Joint Venture Commercial Estates

Joint Venture Commercial Estates (JVCEs) are clusters of complementary businesses and other institutions. Similar to industrial parks, they are owned jointly by African and foreign investors. We use the phrase "commercial estate" because the businesses involved are not necessarily industrial (agricultural enterprises fit in quite well), and the word "park" is so often associated with wildlife reserves in Africa that we decided to avoid it altogether. The combination of expertise and experience that results from an equal partnership between Africans and foreigners gives the JVCE the best of both worlds: knowledge of local resources, laws, and customs combined with technological and business savvy from abroad leads to astute planing and confident management. Businesses clustered in any JVCE are selected for their ability to further each other's goals and for the demand in the local community for their products and services. The typical JVCE also includes social services such as health care and education for workers and their families. Thus it becomes a community center for business and social services that relies on its own profits for sustainability. This business model addresses problems that traditionally curb the growth of small business in Africa:

  • Vast distances, poor transport infrastructure, and high fuel costs
  • Poor health, education, and social services near production sites
  • Lack of local business planning and management capacities
  • Lack of local ownership and control, and therefore lack of community support
  • Little access to mainstream finance

Each JVCE is a mini-ecosystem. The first commercial enterprise therein is like the hardy tree or shrub that takes root in a wasteland. If it survives, it enriches the immediate environment and creates conditions in which compatible species can also sprout. When a cluster of thriving plants achieves a certain critical mass, it attracts animals who take advantage of the improved habitat. Similarly, a thriving JVCE will attract businesses and residents who want to live near supplies of commercial products and services or who appreciate the improvements in local utilities and roads that the JVCE - with its increasing economic clout - has wrested from traditionally indifferent officials.

In a way this process mimics the rise of a city. A good seaport, riverbank, or rail station is often the seed that grows into a sprawling megalopolis. With unplanned growth, some residents make out like bandits, others simply congregate in the slums and hope to glean a living from the scraps. WILMA's JVCE strategy places a border around the cluster of businesses, and the planning requirements make sure that only those with a plausible chance of success gain access, and the ownership structure promotes fair and reasonable business practices.

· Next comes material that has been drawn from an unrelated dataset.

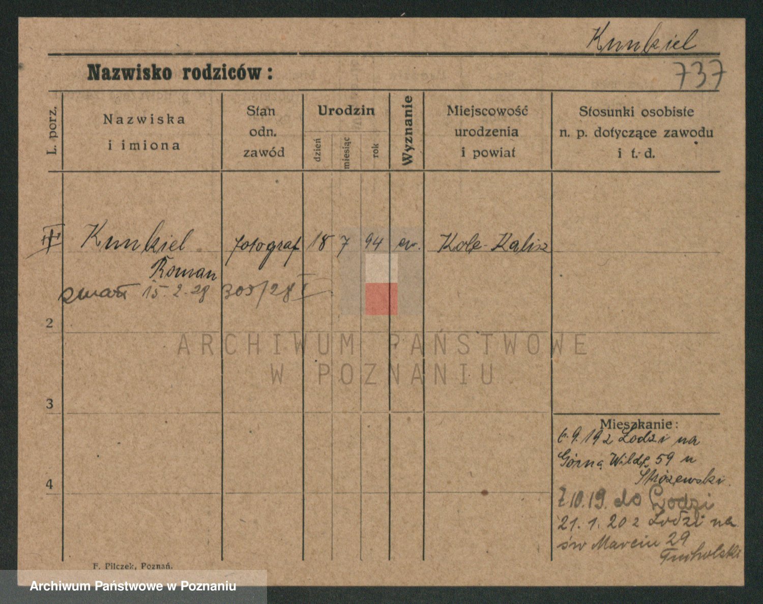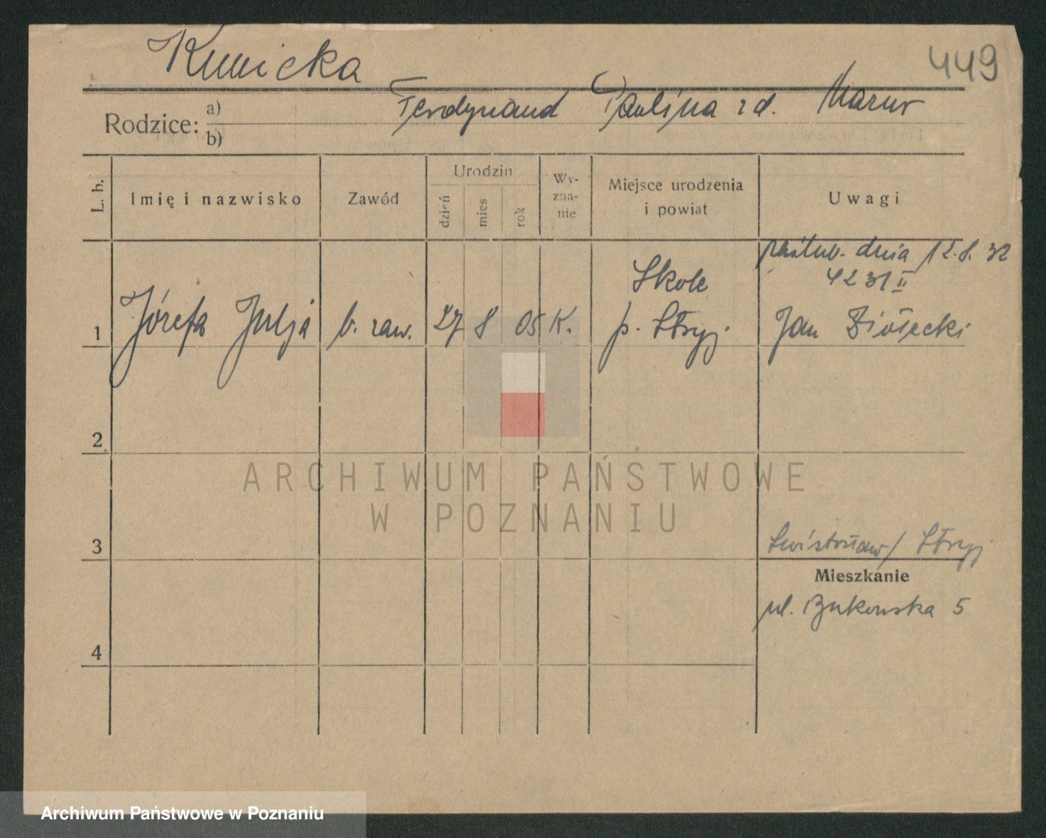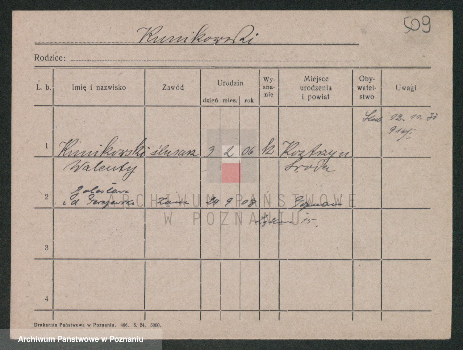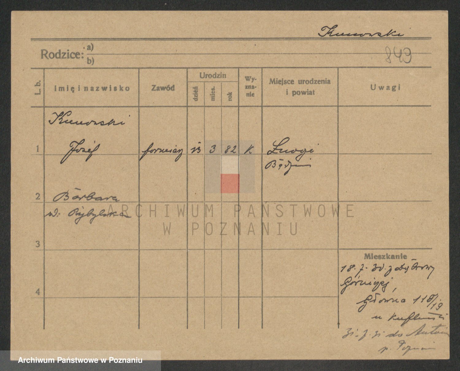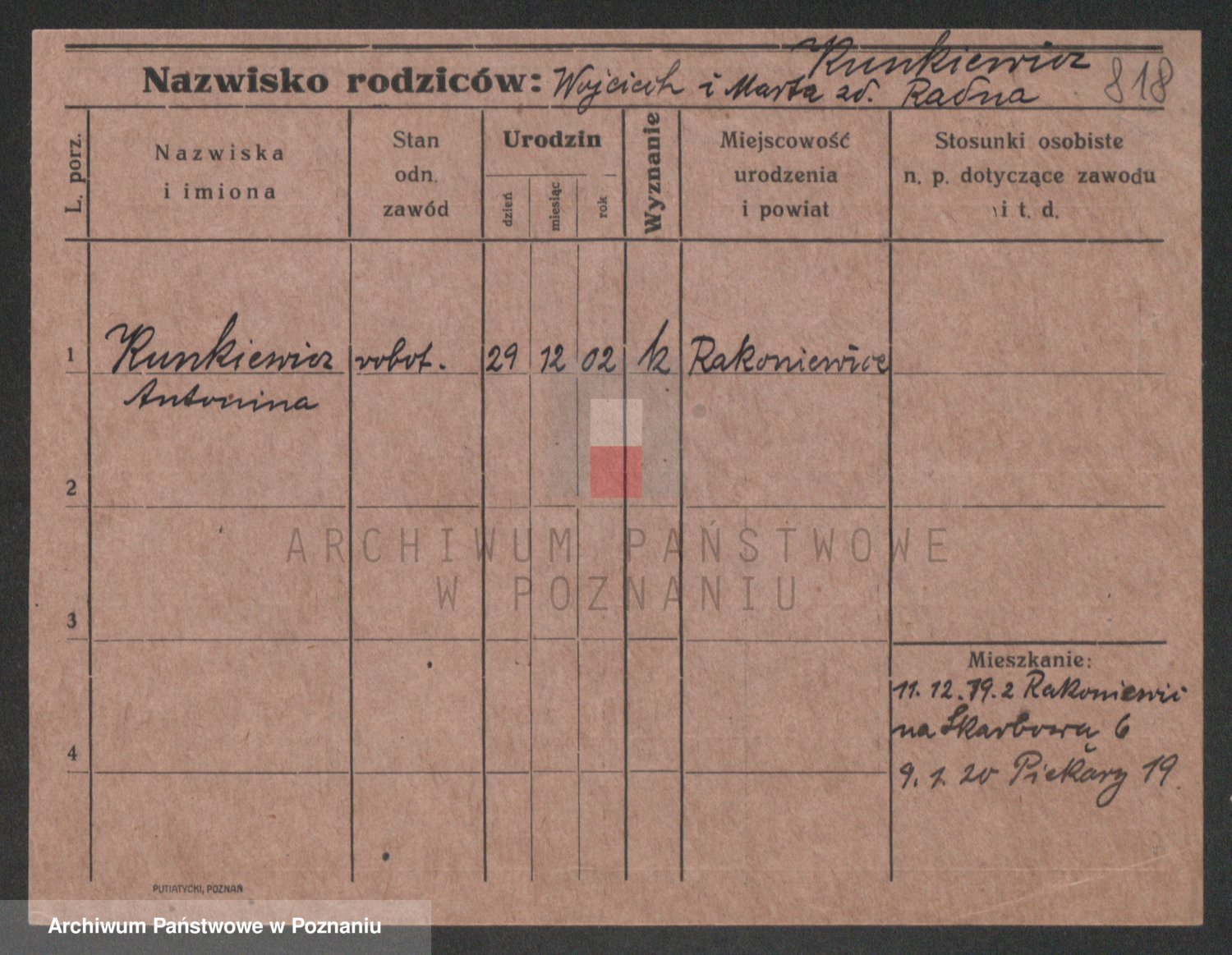 Podgląd karty osobowej dostępny jest po kliknięciu na nazwisko lub ikonkę karty. Można dokonywać powiększenia (ikony na górze) lub przechodzić między kolejnymi skanami (strzałki po bokach).

The JVCEs, if properly dispersed, will eventually enrich the area surround each until these areas begin to merge. In effect a JVCE begins as a seed, grows into a thicket, and eventually becomes an oasis in a developmental desert. Dispersing many modest JVCEs rather than one big industrial center ensures that the notorious drawbacks of the unplanned and overpopulated big city - slums, overcrowding, unemployment, crime - are supplanted by distributed wealth-generating systems. It also appeals to traditional values: longtime residents don't feel compelled to leave their home regions even when the best prospects for education and employment may be elsewhere. Development can come to the people, not the other way around.

You may download two Powerpoint shows that explain the JVCE program in detail. The first show describes the program in general, the second describes our first two JVCEs in Tanzania. Each show is composed of many files compressed into a Zip archive; you should unzip each into a separate folder on your hard drive. When you do, you'll find a READ_ME file with brief instructions for starting the show.
Windows XP and Vista Users:   Your operating system has a feature that allows you to see the shows without extracting the files from the Zip archive. The sound will not play if you view a show this way; to get both picture and sound, you must extract all the files into a folder on your hard drive before you start the show. In most cases you start the extraction process by right-clicking on the Zip archive after you have downloaded it.
Each show is fully automated and runs about 18 minutes. Anyone with Microsoft Powerpoint 2000 (or later) should be able to watch the shows. If you do not have Powerpoint installed, you may still watch the shows if you download and install the free Powerpoint Viewer; click here to download Powerpoint Viewer from Microsoft.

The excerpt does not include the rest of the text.